Among the disease’s complications, intra-lesional bleeding in the lymphatic vascular malformations is mentioned as well as bacterial infections that could lead to sepsis [3]; both were causes of death in our patients. One of the patients presented with a fulminating sepsis caused by Clostridium perfringens, and the other two had severe growth and bleeding of the vascular malformations.

We concur with Gucev [7] who states “the CLOVE designation should be regarded as a provisional, evolving heuristic at this early stage and that additional clinical data need to be gathered and analysed to refine our understanding of this phenotype.”
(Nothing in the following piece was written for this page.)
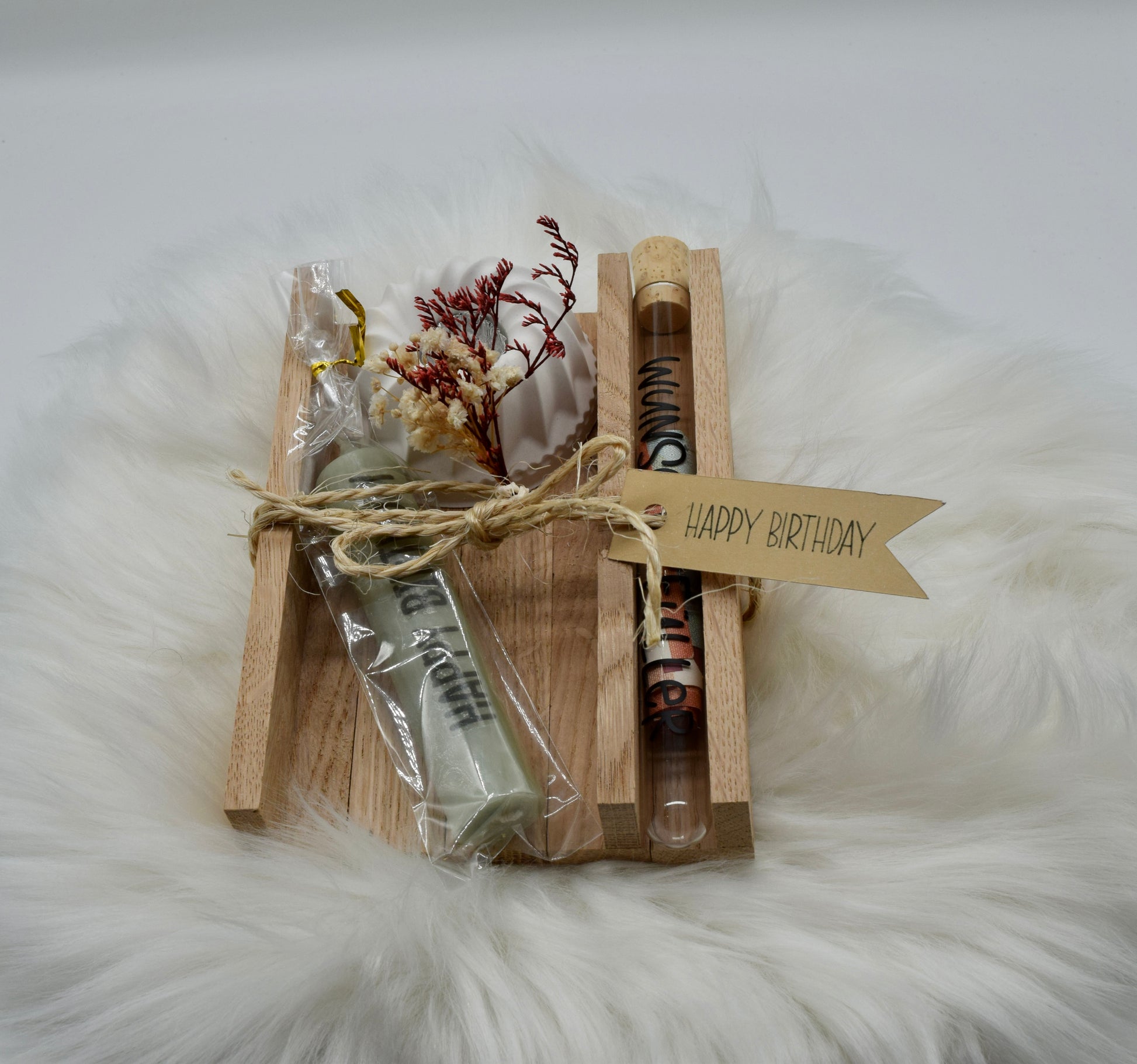Dieses handgefertigte Set ist die perfekte Überraschung für Geburtstage. Auf einem kleinen Holzbrett arrangiert, vereint es dekorative Elemente mit einer originellen Idee für Geldgeschenke.

We believe that reports of CLOVES syndrome patients may have a potential survival bias. This could occur because patients who survive with CLOVES syndrome are more likely to be reported, leaving out patients who died without this diagnosis because they were not recognized as having CLOVES syndrome. We think that it is very important to recognize this syndrome from birth, bearing in mind that not all clinical findings may be present in the newborn. Epidermal nevi and scoliosis are symptoms that will begin to appear during the second or third year of life. In some cases, adipose proliferation is not clinically evident at the moment of birth. Therefore, these symptoms are not essential in the diagnosis of CLOVES in newborns anymore. It is imperative to know the behaviour of the illness during the growth years.

Conclusion

Based in our series and in the published data, not all of the signs in the acronym are present at birth. Some of them appear with growth.
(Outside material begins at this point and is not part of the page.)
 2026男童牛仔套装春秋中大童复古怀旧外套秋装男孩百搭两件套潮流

We propose the following clinical classification:

Classic Presentation: a progressive disease, with clinical features described previously, that appears with child development (epidermal nevi, fatty tissue proliferation, and scoliosis). These children subsequently will grow into adults with variable limitations in everyday life.

Severe neonatal presentation: a disease with the worst spectrum of malformations, with a lower chance of survival, pre-mature death by pulmonary failure secondary to un-manageable intra-thoracic masses, pulmonary embolism, and intra-lesional bleeding or fatal infections.

The previous statement is important because it will affect the information that newborns’ parents will receive as well as the treatment decision-making.